Он положил трубку и долго смотрел на телефон, потом вернулся к письменному столу, за которым только что сидел. Посмотрел на вопросник, присланный Гейл Маккиннон, и еще раз прочел первый вопрос: «Почему вы в Канне?» Он усмехнулся, взял со стола листки и, разорвав их на мелкие кусочки, бросил в корзину. Снял с себя свитер, надел пиджак и вышел. Взял такси и поехал в казино, где бар не закрывался всю ночь. Купил себе фишек, подсел к столу, за которым играли в chemin de fer [21] и заказал двойную порцию виски. Он пил и играл до шести утра и выиграл тридцать тысяч франков, то есть почти шесть тысяч долларов. Большая часть денег перешла к нему от тех двух англичан, которых он видел вечером в ресторане, где был Пикассо. Йену Уодли не повезло – он не прогуливался по бульвару Круазетт, когда Крейг, окутанный предрассветной мглой, возвращался, почти не шатаясь, в свой отель. В тот час Уодли получил бы пять тысяч долларов, нужные ему для поездки в Мадрид.
9
Полицейские с электрическими фонариками в руках указывали автомобилям дорогу к открытой площадке, где уже стояло много машин. Было сыро и холодно. Крейг выключил зажигание, открыл дверцу и ступил на траву. Под ногами хлюпала вода. Выбравшись на дорожку, он зашагал к большому, похожему на замок дому, откуда доносились звуки оркестра. Дом стоял на холме за Мужэном и возвышался, точно маленькая крепость, над окружающей местностью.
Он пожалел, что Энн еще не приехала. Ей было бы приятно пройтись вот так вместе с отцом под звуки французской песенки, в сопровождении полицейских, которые охотно освещают вам дорогу под старыми темными деревьями, радуясь, что им не надо швырять бомбы со слезоточивым газом перед зданием правительства. Телеграмма Энн лежала у него в кармане. Он был несколько удивлен – она все же решила сначала навестить в Женеве мать и только на следующий день приехать в Канн.

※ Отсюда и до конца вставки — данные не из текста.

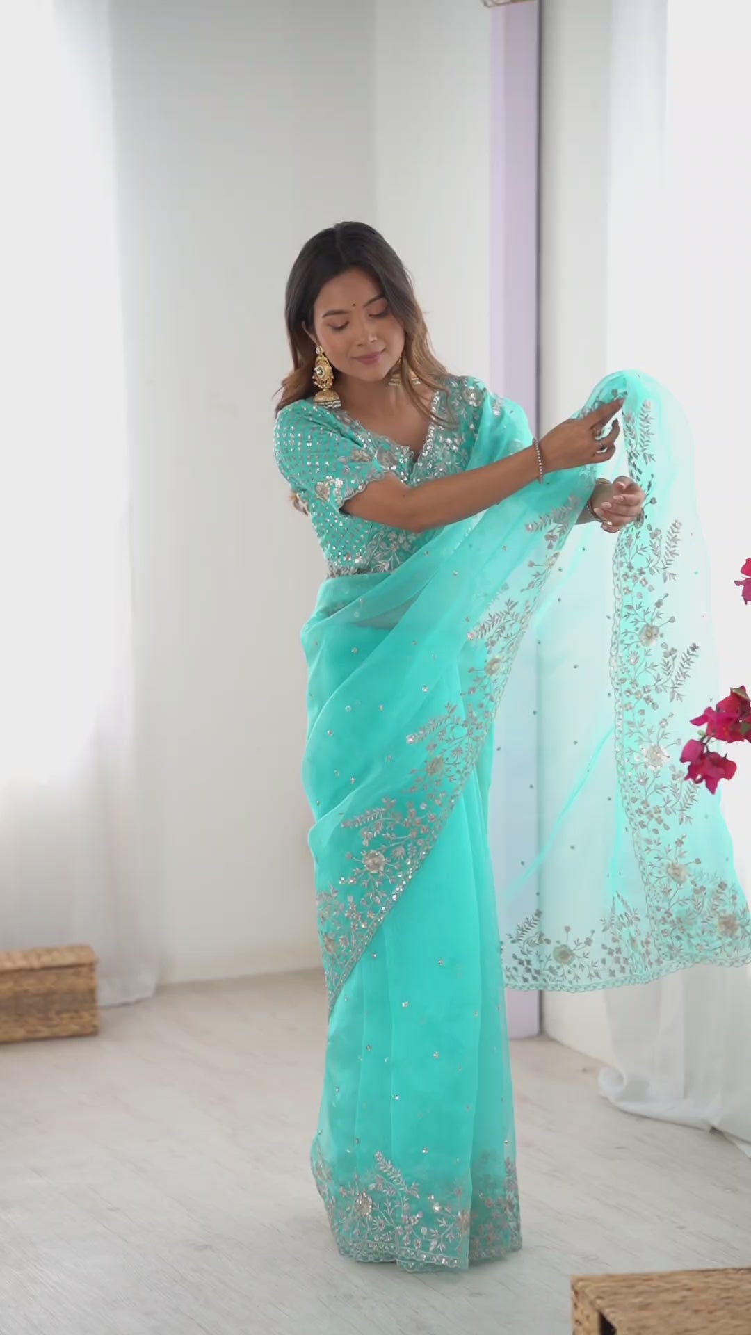 | Saree Work | Thread with Sequins Embroidery |

Уолтер Клейн, хозяин, встречал гостей. Он арендовал этот дом на один месяц, выбрав его потому, что он достаточно велик для балов. Клейн был крепкий, коренастый человек с моложавым и обманчиво беспечным лицом. В последние годы многие посреднические фирмы прекращали существование и сливались с другими фирмами; одну из таких распадающихся организаций Клейн своевременно оставил, уведя за собой ряд известных актеров и режиссеров, так что, пока другие посреднические фирмы и компании горели, он ловко приспосабливался к новым условиям. Это позволило ему сохранить за собой значительную долю участия в фильмах, готовившихся или снятых в Америке и Англии; во всех ключевых точках у него были клиенты или должники, чьи картины он либо финансировал, либо распространял. В то время как другие впадали в панику, он говорил: «Ребята, дела у нас идут лучше, чем когда-либо». В отличие от Мэрфи, разбогатевшего в менее трудные времена и высокомерно державшегося в течение этих двух недель в стороне от фестивальной нервозности, Клейн не чурался людей. Его всегда можно было увидеть сосредоточенно беседующим где-нибудь в уголке с продюсерами, режиссерами, актерами и обсуждающим всевозможные финансовые сделки, что-то обещающим, что-то подписывающим. Себе в помощники он выбрал спокойных, представительных молодых людей, не избалованных легкой жизнью в старые времена, алчных и честолюбивых, как их хозяин, и умевших, подобно хозяину, под внешним обаянием скрывать свои хищные повадки.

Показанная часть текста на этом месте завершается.